II.2.1 - Calibration techniques

The calibration involves mixing results from laboratory experiments, isolated field studies on aspects of migration, and system-wide studies of survival and timing. The calibration proceeds in a hierarchy of steps where calibration of the first steps are required to calibrate the lower ones. The sequence which is reflected in the chapter organization is: River and Environmental Description, Flow Processes, Passage Processes, Dam Processes and finally Reservoir Mortality. The final two steps are in part connected depending on the data set and parameters being calibrated.

Fig. 4 Calibration process involves using passage and environmental data to estimate the model ecological variables

Goodness-of-fit

In calibration, the variables are adjusted so an equation prediction best fits the observations according to statistical criteria within ecological constraints. A variety of goodness-of-fit measures are applied in the calibrations. The choice of method depends on the type and quantity of data and the dimensions of the data being fit. Where possible graphical examples are given along with statistical measures of the goodness-of-fit. The following approaches are used.
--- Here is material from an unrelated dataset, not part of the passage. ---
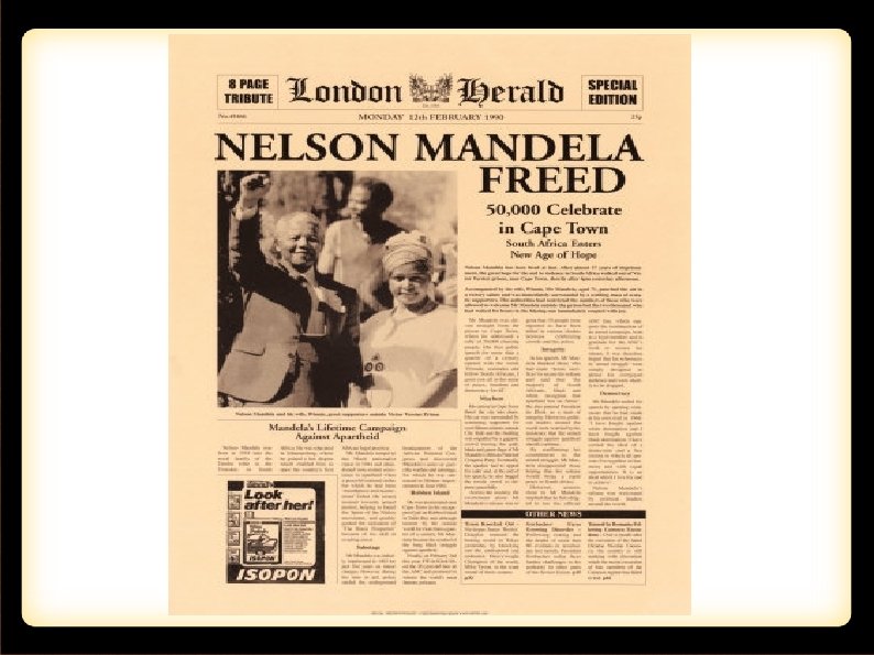 : : : África do Sul e o Apartheid : : : Em 1990, Nelson Mandela é libertado e o CNA recuperou a legalidade. Será eleito presidente em 1995 (até 1999). O governo revogou as leis raciais. 1993: primeira eleição multirracial do país. 1994: o parlamento aprovou a Lei de Direitos sobre a Terra, restituindo propriedades às famílias negras. Comissão de Reconciliação e Verdade (CRV): criada para investigar, esclarecer, julgar e anistiar crimes contra os direitos humanos durante o apartheid.

• Least Squares, 2 dimensional regressions (Numerical Recipes, Press et al. 1988) used for
  • nitrogen mortality rates vs. time
  • size vs. mortality rate
  • spill efficiency equations
• Nonlinear regression using the Gauss-Newton algorithm to minimize sums of squares (SPLUS 1991) used for
  • nitrogen mortality rate vs. nitrogen level
  • prediction of migration rate parameters vs. flow and fish age
• Hyperbolic "amoeba routine" (Numerical Recipes, Press et al. 1988) used for
  • nitrogen mortality rate vs. nitrogen level
• Fourier series analysis (SPLUS 1991) used for
  • determining scenario mode flow modulators
• Maximum likelihood estimators (Zabel 1994) used for
  • determining migration rate parameters